InputSplit in Hadoop MapReduce

Now we are going to study InputSplit in Hadoop MapReduce. Here, we will discuss what is Hadoop InputSplit, the need of InputSplit in MapReduce. We will also debate how these InputSplits are created in Hadoop MapReduce in detail

InputSplit In MapReduce

Introduction to InputSplit in Hadoop MapReduce

InputSplit is a logical illustration of data in Hadoop MapReduce. InputSplit represents the data that individual mapper processes. Therefore the number of map tasks is equal to the number of InputSplits. The framework divides split into records, which mapper processes.

MapReduce InputSplit length has measured in bytes. Every InputSplit has storage locations (hostname strings). The MapReduce system locates map tasks as close to the split’s data as possible by using storage locations.
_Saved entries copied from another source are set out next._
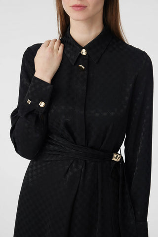 Kemerli Jakar Detaylı Siyah Elbise 0535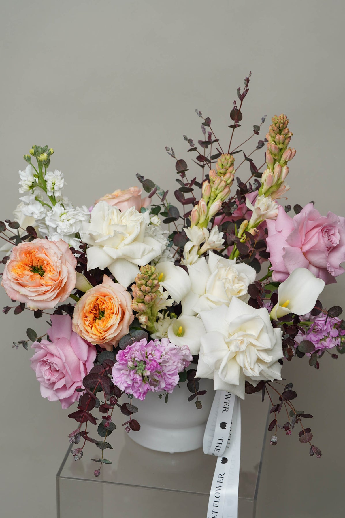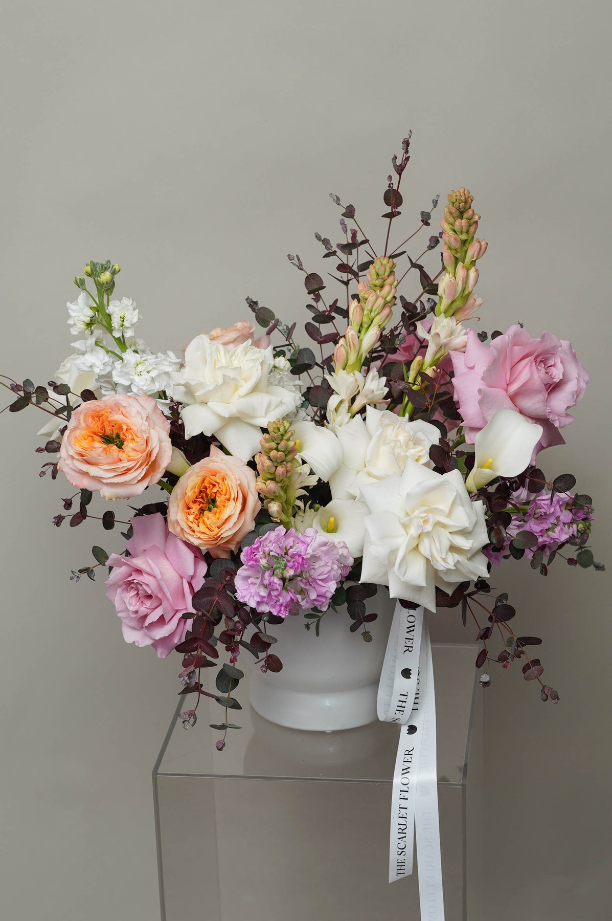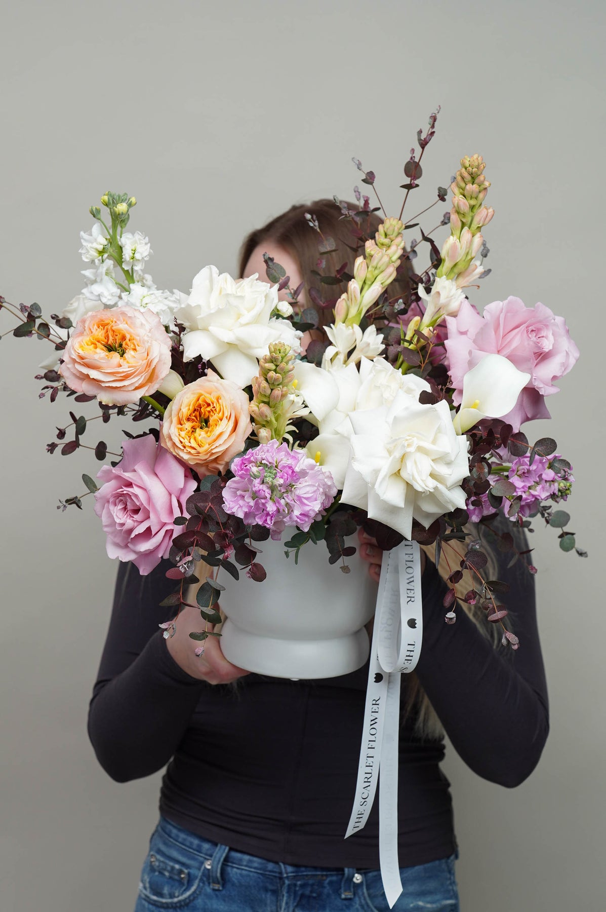 Pastel garden flower arrangement with roses, calla lilies and seasonal blooms in ceramic vase, soft romantic centerpiece for home or gift delivery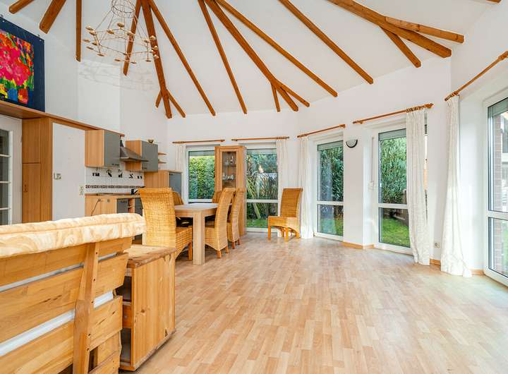 •Pavillon in massiver Bauweise mit vielen bodentiefen Fenstern

The framework handles Map tasks in the order of the size of the splits so that the largest one gets processed first (greedy approximation algorithm). This decreases the job run time. The main objective to focus on is that Inputsplit does not contain the input data.

How InputSplits are created in Hadoop MapReduce?

As a user, we don’t deal with InputSplit in Hadoop directly, as InputFormat (as InputFormat is responsible for creating the Inputsplit and dividing into the records) generates it. FileInputFormat splits a file into 128MB chunks. Besides, by setting mapred.min.split.size parameter in mapred-site.xml user can modify the value as per requirement. Moreover, by this, we can override the parameter in the Job object used to submit an appropriate MapReduce job. By writing a custom InputFormat we can also handle how the file is broken into splits.

InputSplit is user-defined. The user can also control split size based on the size of data in the MapReduce program. Hence, In a MapReduce job, the execution number of map tasks is equal to the number of InputSplits.

By calling ‘getSplit()’, the client calculates the splits for the job. Then it sent to the application master, which uses their storage locations to schedule map tasks that will handle them on the cluster.

After that map task permits the split to the createRecordReader() method. From that, it gets RecordReader for the split. Then RecordReader creates a record (key-value pair), which it passes to the map function.

Conclusion

In conclusion, we can say that InputSplit represents the data that individual mapper processes. For each split, one map task is created. Hence, InputFormat creates InputSplit.